# Work task
Return the listing below unchanged, minus its pictures.

# Data below
________
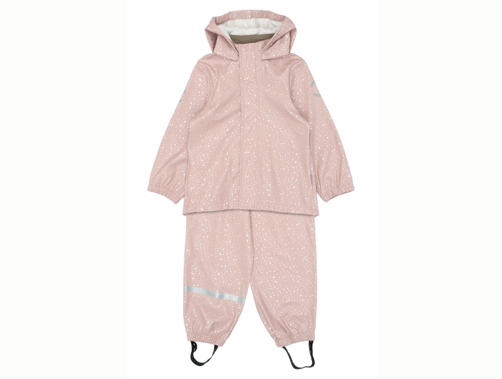 Rainwear set in soft pink (Adobe Rose) from Mikk-line featuring a glitter all-over print that sparkles in the light.
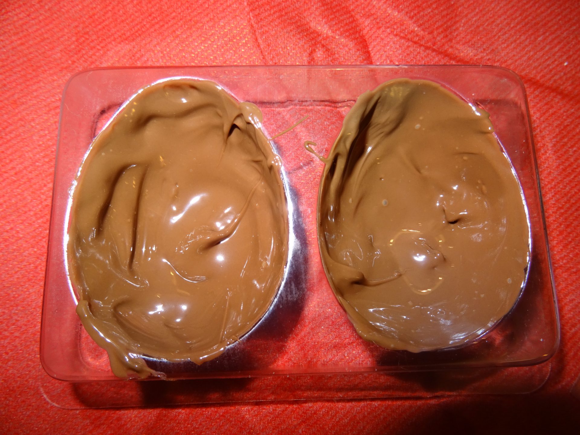 Wahoo je trouve qu’il est super bien fait pour un premier ! Chipie décide de le garnir avec des bonbons chocolatés bien connus … Et hop on referme l’œuf puis colle les 2 œufs avec du chocolat encore chaud. Puis au congélateur pour une prise finale.
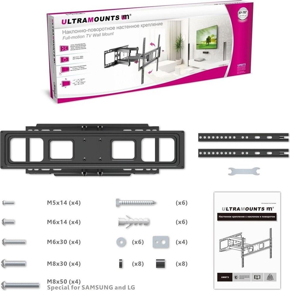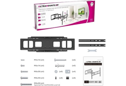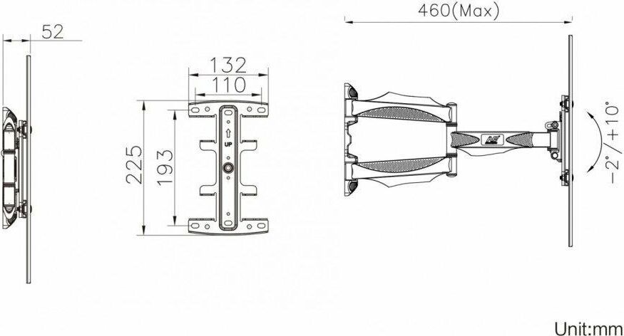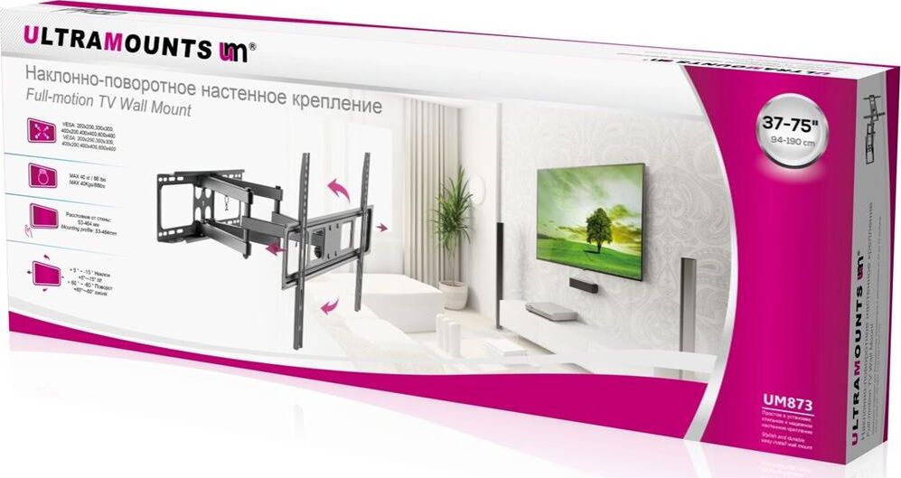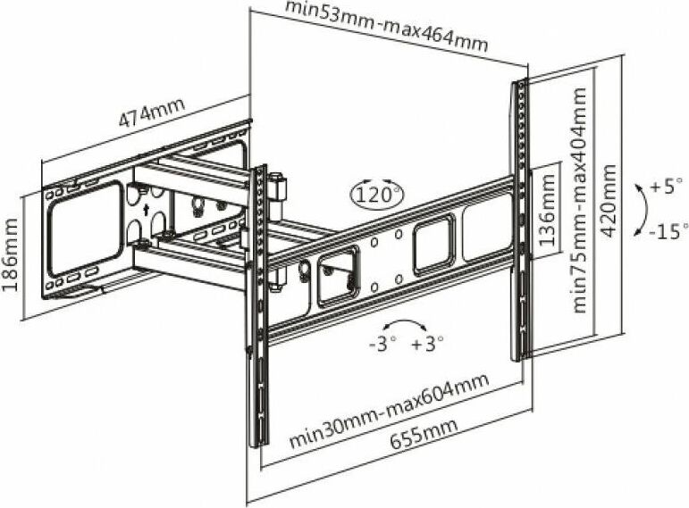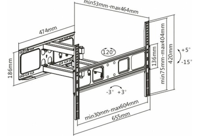 Для использования с телевизорами диагональю 37"-70", весом до 50кг. Возможен наклон до 15 градусов и подъем до 5 градусов Поворот влево и вправо на 60 градусов. Расстояние телевизора от стены 53-464мм. VESA 200x200, 300x300,400x400, 600x400
________
# Written response
 Rainwear set in soft pink (Adobe Rose) from Mikk-line featuring a glitter all-over print that sparkles in the light.
 Wahoo je trouve qu’il est super bien fait pour un premier ! Chipie décide de le garnir avec des bonbons chocolatés bien connus … Et hop on referme l’œuf puis colle les 2 œufs avec du chocolat encore chaud. Puis au congélateur pour une prise finale.
 Для использования с телевизорами диагональю 37"-70", весом до 50кг. Возможен наклон до 15 градусов и подъем до 5 градусов Поворот влево и вправо на 60 градусов. Расстояние телевизора от стены 53-464мм. VESA 200x200, 300x300,400x400, 600x400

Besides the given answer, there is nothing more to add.